## EXERCISE REQUIREMENTS
Provide only the number of lines in the data below that contain the string "Михайловке".

## SOURCE MATERIAL
※

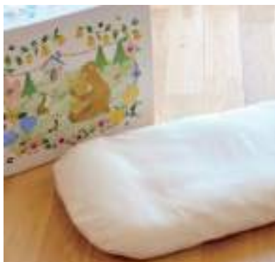
令和2年度 ジョリーメゾン株式会社(丹波市) ジョリーメゾンのトップンチーノ®
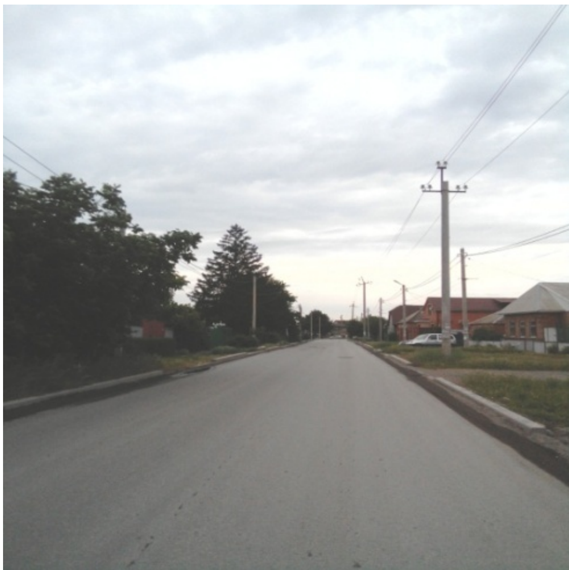
Один из частных домов в Михайловке Михайловка. Улица Михайловская

С одной стороны «Михайловка» ограничена железной дорогой, с другой – морем, и по улице Сигиды переходит в дачные участки. И вот тут очень важно учесть при покупке, что Вы покупаете – дом в самой Михайловке (которая нынче – часть Таганрога) или дачу, в которой нет, как минимум, городской прописки.
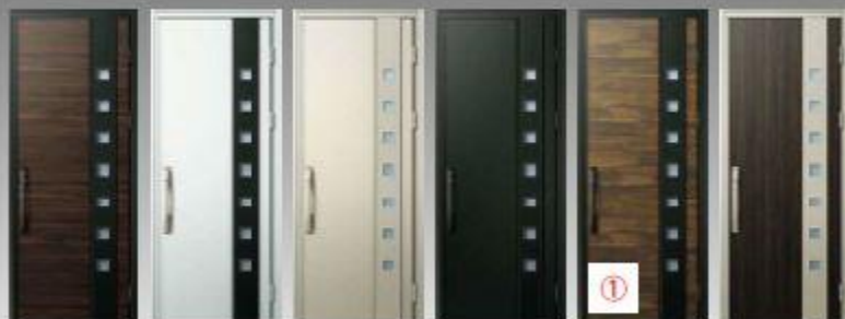
ボニーアカンパ(4F) 6,8R / 3,4 / 0,8 ビュアシルバー(41) 9,38 / 8,0 / 0,1 プラチナステン(42) 3,0Y / 6,7 / 0,6 コームブラック(43) 9,3P / 3,2 / 0,3 スキークロココ(44) 6,9YR / 3,7 / 1,2 黒鉄(45) 9,8R / 3,1 / 0,4
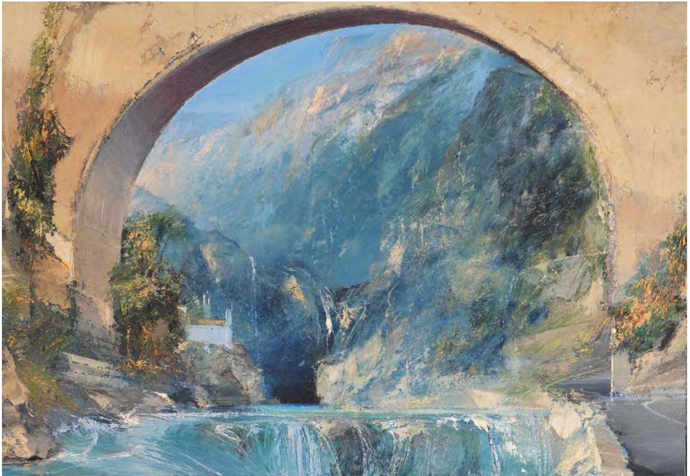
Il ponte - 81 x 116 cm
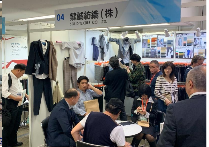
參展廠商與買主洽談熱絡
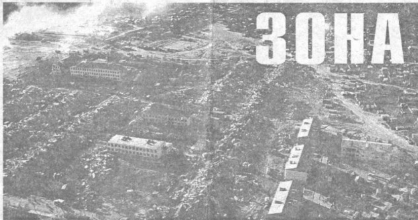
Первые дни после трагедии

Нефтегорск. Четыре с лишним года назад этот поселок нефтяников на севере Сахалина стал печально известен на весь мир. После землетрясения 28 мая 1995 года Нефтегорска не стало. Из четырех тысяч жителей осталась половина. Остальные остались погребенными под развалинами.
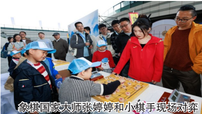
象棋国家大师张婷婷和小棋手现场对弈

作为连续举办7年的国家级民间赛事，本届棋王争霸赛兼具“全民性、草根性、场景下沉”的特点。赛事海选阶段覆盖全国7611家体彩店，吸引超3.01万名业余象棋爱好者
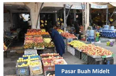
Pasar Buah Midelt
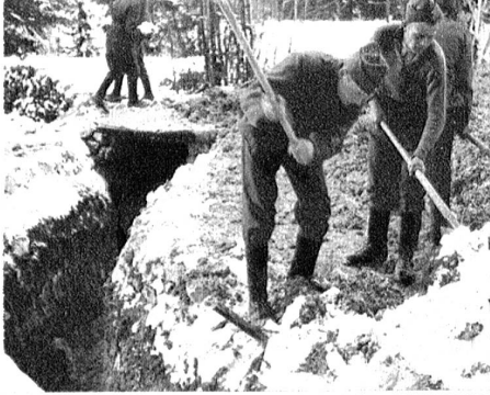
Solche Laufgraben verbinden zu hunderten die Unterstände.
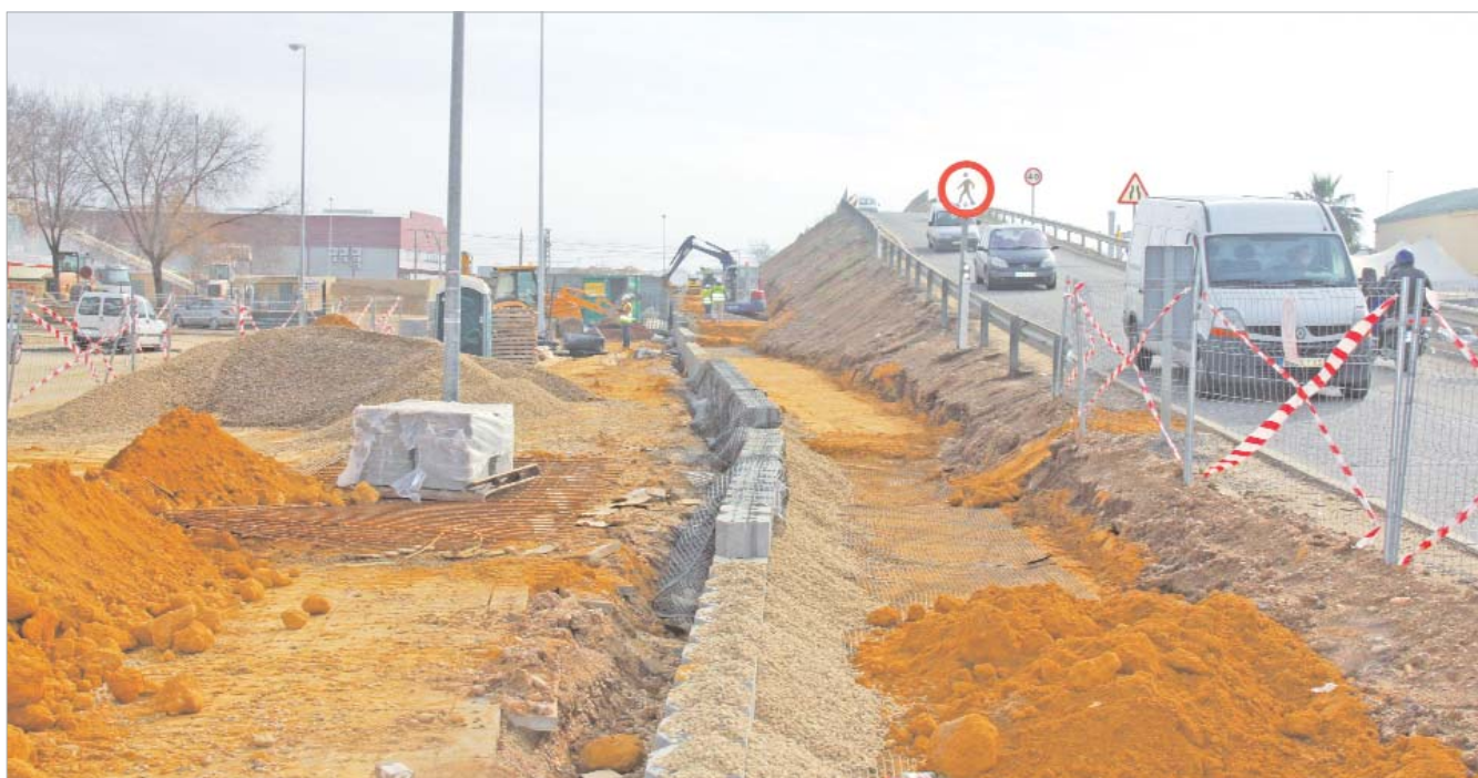
La ampliación del puente ya está en marcha y se espera que esté finalizado para el próximo año.
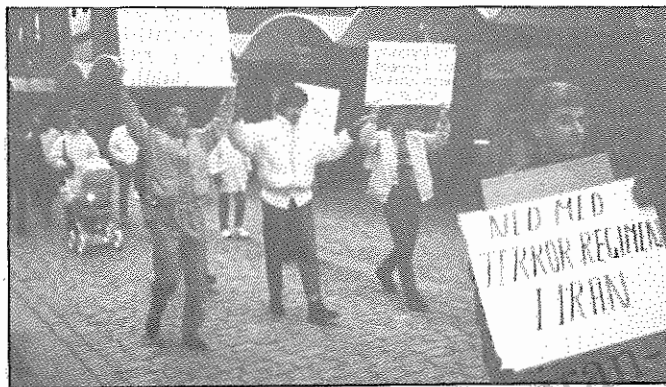
صحنه‌ای از تظاهرات ضدجنگ در شهر فالکن بری - سوئد

در محل تظاهرات پلاکاردهایی حاوی شعارهایی با خواست قله فوری جنگ شهرها و اجرای قطعنامه ۵۹۸ شورای امنیت و قطع ارسال سلاح به ایران و عراق دیده می‌شد.
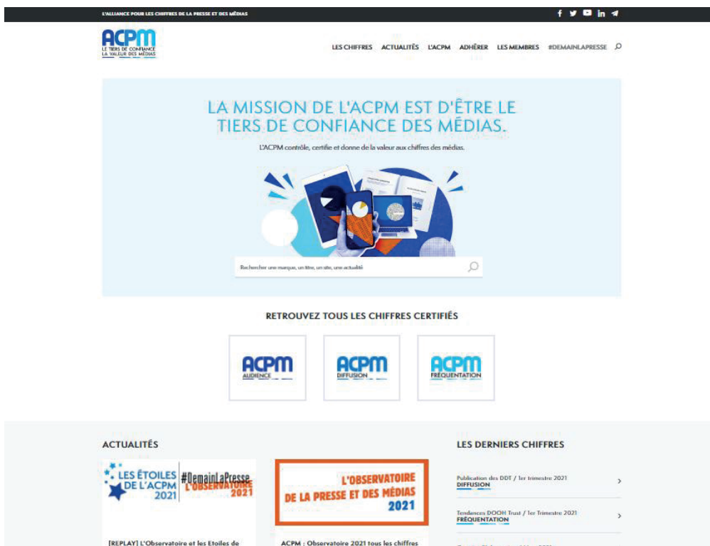
Nouveau site acpm.fr

Les communiqués de presse disposeront d'un logo propre à chacune des activités : Audience, Diffusion, Fréquentation. Enfin lorsque l'ACPM prendra la parole au nom de l'association, un logo unique sera utilisé.
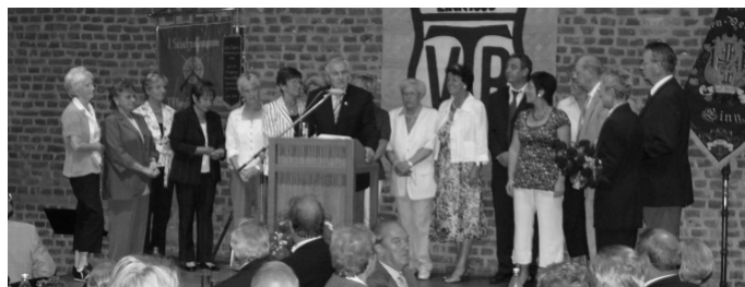
Die goldene Vereinsnadel für 40-jährige Mitgliedschaft wurde überreicht
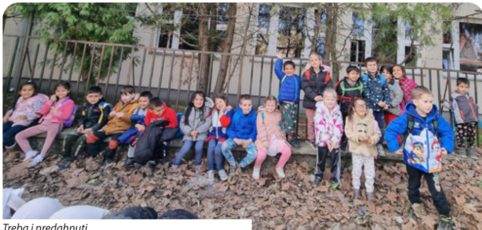
Treba i predahnuti

Lukoviški hrvatski narodnosni vrtić, koji djeluje u sklopu udruženja Drávamenti Óvodák (Podravski vrtići), ostvaruje plodnu suradnju s mjesnom samoupravom Lukovišća, ali i s narodnosnim samoupravama u Lukovišću – s Hrvatskom samoupravom Lukovišća i s Romskom samoupravom Lukovišća te s Malteškom službom i lukoviškom podružnicom Mađarske ekumenske službe „Jelenléti Pont“.
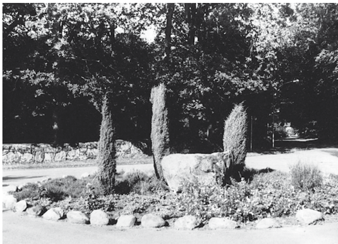
Rondell in der Brambosteler Ortsmitte

Weitere Vorträge zum Gerdaual werden im Laufe des Jahres im Bohlser Speicher veranstaltet und rechtzeitig angekündigt.
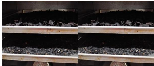
Gambar 1. Pengaktifan Karbon Secara Fisika
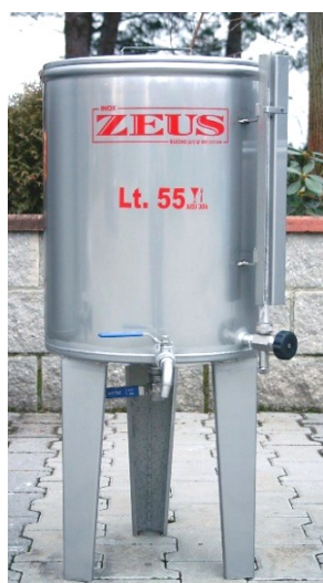
Z5/55 Finitura 2B

※

## ANSWER
2